> What is required:
Write out again the lines from the line with "Note: The GIRL, HEAL." up to and including the line with "You're reviewing:Hanging decorative", exactly as they stand below, and skip any picture.

> Data shown:
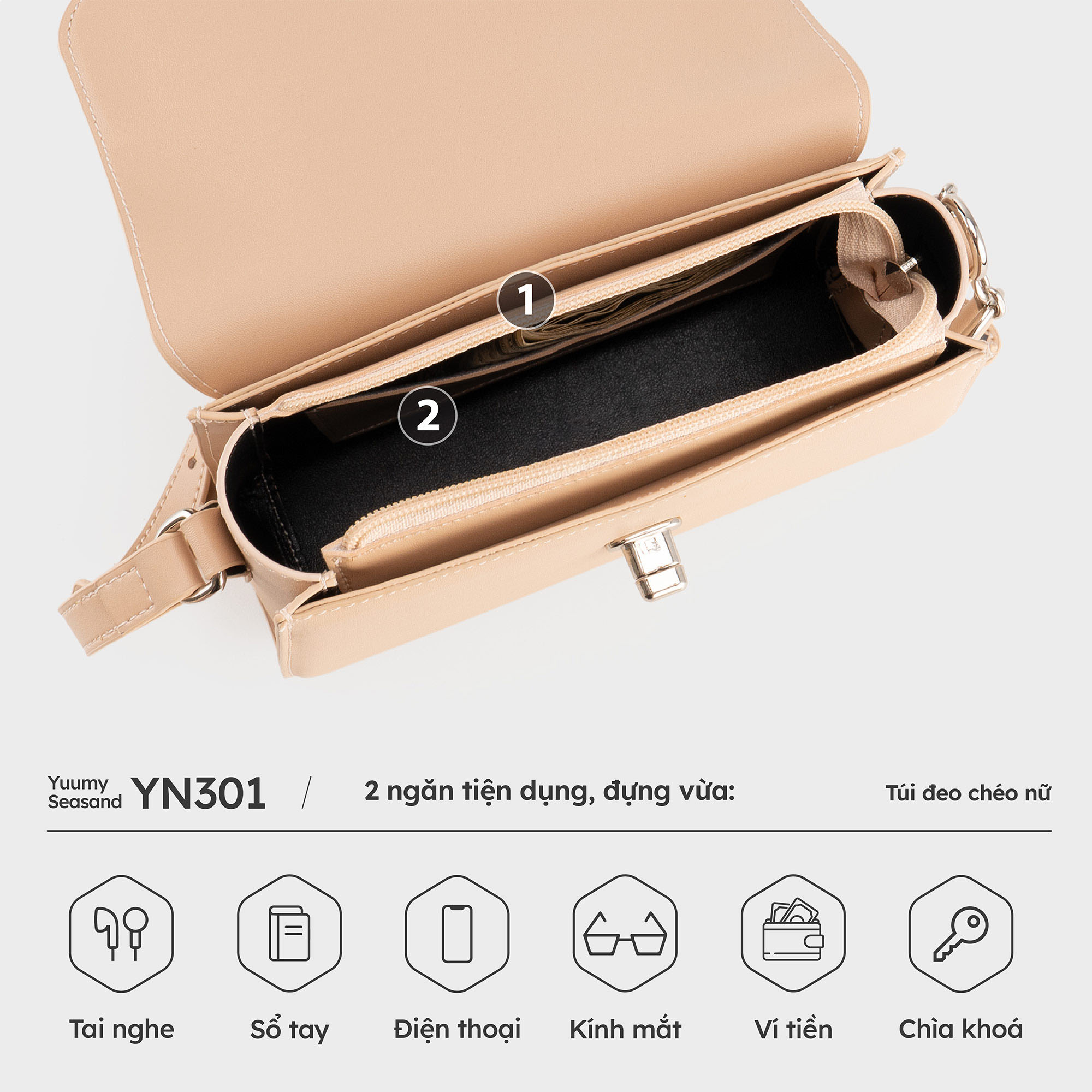 Một mẫu túi lý tưởng dành cho quý cô hiện đại yêu thích phong cách thanh lịch nhưng không kém phần thời thượng. Túi đeo chéo nữ Yuumy Seasand YN302 thiết kế phom hộp vuông
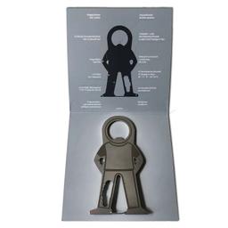 Das kompakte Multifunktionstool in Form des bekannten Öffner-Männchen, aus hochwertigem matt gestrahltem Edelstahl, ist ein praktischer und unentbehrlicher Begleiter für unterwegs. Viele nützliche Funktionen, wie z.B. Kapselheber, Vielzahnschlüssel, mehrere Sechskantschlüssel, Nagelfeile und Maßeinheit lassen kaum Wünsche offen! Es lässt sich in das Handschuhfach des Autos legen oder dank des Karabinerverschluss an einer Tasche befestigen und somit ist es immer griffbereit. Der Artikel wird in einer Klappkarte verpackt ausgeliefert. Edelstahl, 120 x 60 x 3 mm, 62 g
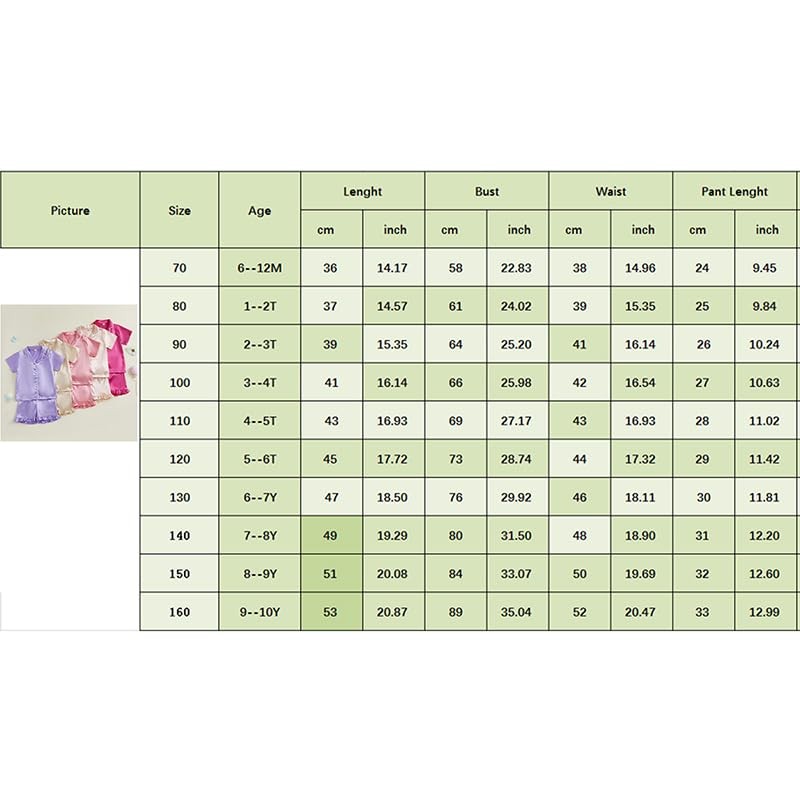 - Baby Girl Silk Pajamas Size Note: 6-12M, 1-2Y, 2-3Y, 3-4Y, 4-5Y, 5-6Y. The size is Asia size. Please check the size chart carefully before buying to get the clothes that fit your size
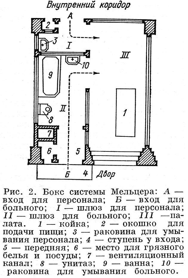 Найбільш досконалі індивідуальні (так звані мельцерівські) бокси (рис. 2). Хворий в такому боксі повністю ізольований. Надходить він у бокси з двору. У такому боксі також є відділення - шлюз, сполучені з коридором боксированных відділень, в якому знаходиться умивальник, другий халат, косинка (ковпак).
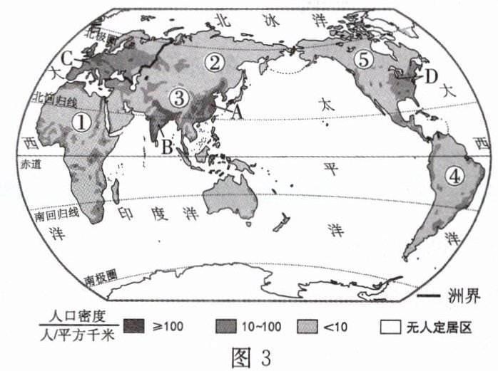 3. 由图3可知,世界人口稠密区主要集中在A______
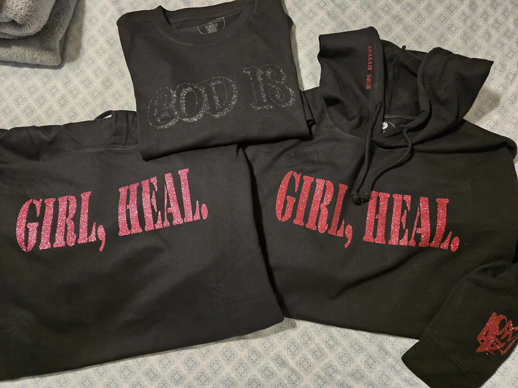 Note: The GIRL, HEAL. and sleeve logo will be Glitter. The glitter options are "Blush (Pink)" or "Red".
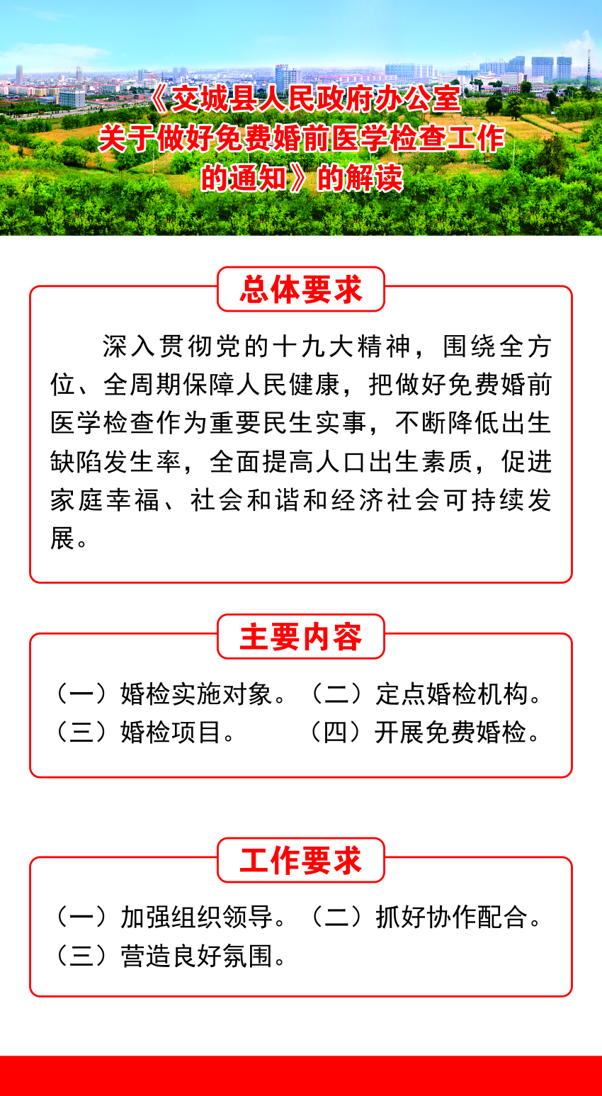 【图解】县卫健局关于《交城县人民政府办公室关于做好免费婚前医学检查工作的通知》的解读
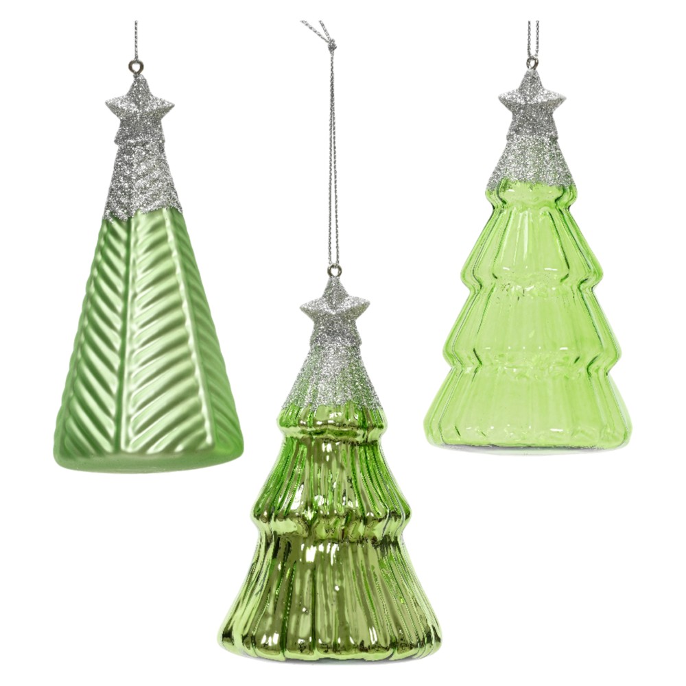 You're reviewing:Hanging decorative object, New Year tree, glass, green color with silver, H12.6 cm
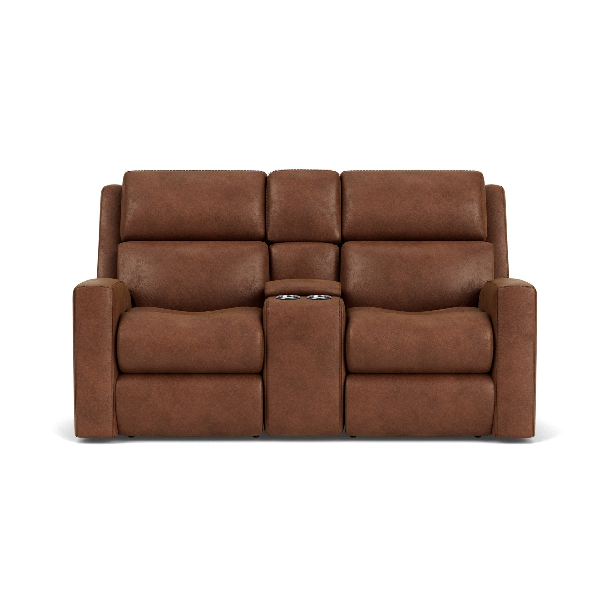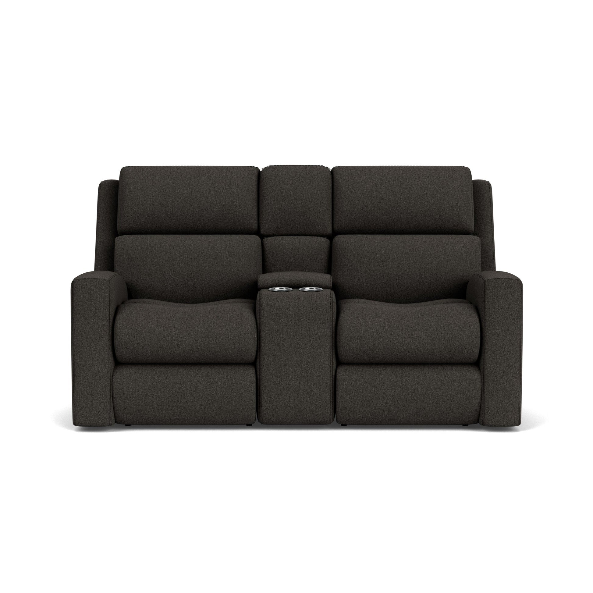 Levity you deserve Relax into weightlessness with the Score Power Reclining Loveseat with Console and Power Headrests & Lumbar. The zero-gravity feature balances weight evenly, to provide the perfect levity while reclined. While the power headrest and lumbar adjust independently, for personalized comfort for the whole family. The center console offers cup holders as well as storage for remotes and more. USB ports, with zero-draw technology, give you peace of mind while charging devices. Built with our patented DualFlex Spring System™ Score ensures flexibility and support for years to come. Choose from hundreds of fabric options to match any taste or decor. Center storage console features two cup holders and space to house remotes, magazines and other items Power control independently adjusts the headrest, recline, and lumbar support for a personalized sit A USB port is built into the power control for convenient charging Home button returns the headrest, footrest, and lumbar support to their original positions with one touch Built to last with our DualFlex Spring System™—sturdy steel ribbons attached to flexible coils that offer a wide range of motion and durability Padded track arms add contemporary flair and reliable comfort to your space Contoured seat provides hours of supportive comfort Divided back cushions have a clean look and cradles the head, neck, and shoulders Attached back and seat cushions stay in place, extending their lifespan and maintaining a tidy appearance Cushions consist of a high-density foam core that ensures comfort as you sit and recline Removable backs allow for easy lifting and maneuvering through doorways Available in a wide variety of select fabrics, including performance options, to suit your personal décor, style and family Model Number: 2805-601L Dimensions 43H x 74W x 42L

> Solution below:
 Note: The GIRL, HEAL. and sleeve logo will be Glitter. The glitter options are "Blush (Pink)" or "Red".
 【图解】县卫健局关于《交城县人民政府办公室关于做好免费婚前医学检查工作的通知》的解读
 You're reviewing:Hanging decorative object, New Year tree, glass, green color with silver, H12.6 cm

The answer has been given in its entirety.